REQUIRED WORK: Write out every line of the material as it stands, apart from the pictures.

··· DATA SHOWN

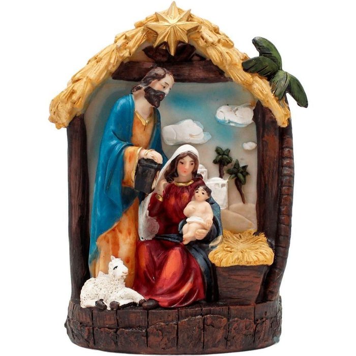 Presépio Sagrada Família Nascimento Jesus Manjedoura de 20cm Colorido
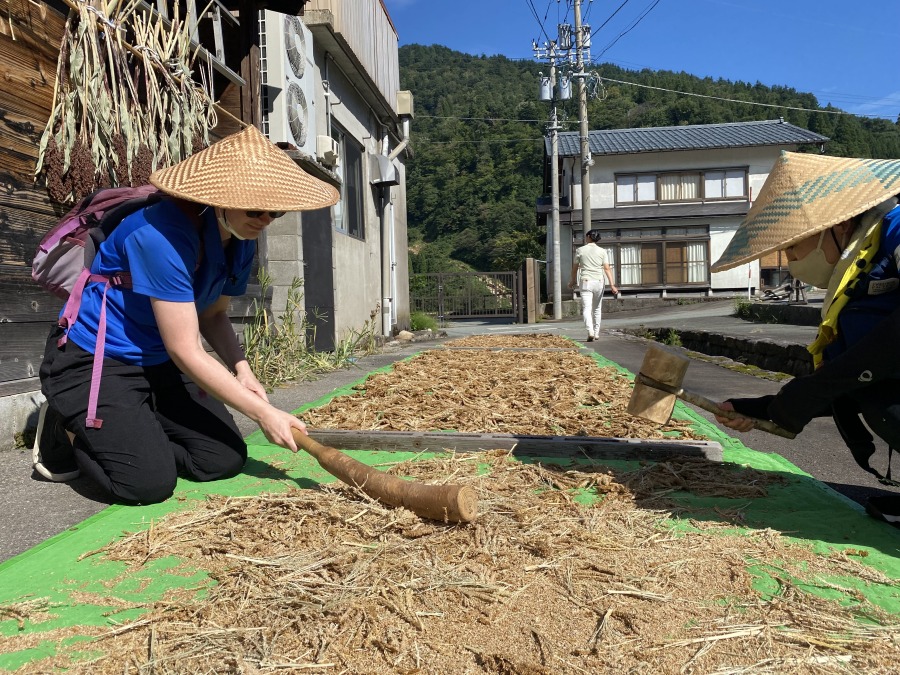 Experience daily life and traditional work in Okuyama ★ Visit the Hakusanroku Folk Museum ★ Try natural dyeing called Obaru-zome. The hand-dyed handkerchief is yours to take home ★ Enjoy a relaxing walk around the Old Folk House Garden ★ Tea time at a historic house designated as an Important Cultural Property. Enjoy Hakusan Kirimanjaro coffee, locally grown nem tea, and traditional snacks. Grind the rare grain “kamashi” with a stone mill, knead it with hot water, sweeten it with sugar, and taste it
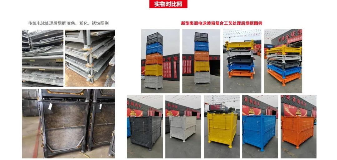 目前,各煙草公司在煙框使用過(guò)程中,普遍反映傳統(tǒng)的表面電泳處理存在電泳層變色、表面粉化、銹蝕等問(wèn)題,針對(duì)此類(lèi)問(wèn)題,科華集團(tuán)經(jīng)過(guò)多種表面處理方式的論證、試驗(yàn),開(kāi)發(fā)出一套新型表面電泳噴粉復(fù)合工藝方法,有效地解決了電泳層易變色、粉化、銹蝕的現(xiàn)象,抗腐蝕性能明顯增強(qiáng),現(xiàn)科華集團(tuán)在醫(yī)藥行業(yè)鋼制托盤(pán)、汽車(chē)行業(yè)、煙草行業(yè)(云南煙草煙葉公司)已開(kāi)始廣泛運(yùn)用。

······

EXPECTED ANSWER:
 Presépio Sagrada Família Nascimento Jesus Manjedoura de 20cm Colorido
 Experience daily life and traditional work in Okuyama ★ Visit the Hakusanroku Folk Museum ★ Try natural dyeing called Obaru-zome. The hand-dyed handkerchief is yours to take home ★ Enjoy a relaxing walk around the Old Folk House Garden ★ Tea time at a historic house designated as an Important Cultural Property. Enjoy Hakusan Kirimanjaro coffee, locally grown nem tea, and traditional snacks. Grind the rare grain “kamashi” with a stone mill, knead it with hot water, sweeten it with sugar, and taste it
 目前,各煙草公司在煙框使用過(guò)程中,普遍反映傳統(tǒng)的表面電泳處理存在電泳層變色、表面粉化、銹蝕等問(wèn)題,針對(duì)此類(lèi)問(wèn)題,科華集團(tuán)經(jīng)過(guò)多種表面處理方式的論證、試驗(yàn),開(kāi)發(fā)出一套新型表面電泳噴粉復(fù)合工藝方法,有效地解決了電泳層易變色、粉化、銹蝕的現(xiàn)象,抗腐蝕性能明顯增強(qiáng),現(xiàn)科華集團(tuán)在醫(yī)藥行業(yè)鋼制托盤(pán)、汽車(chē)行業(yè)、煙草行業(yè)(云南煙草煙葉公司)已開(kāi)始廣泛運(yùn)用。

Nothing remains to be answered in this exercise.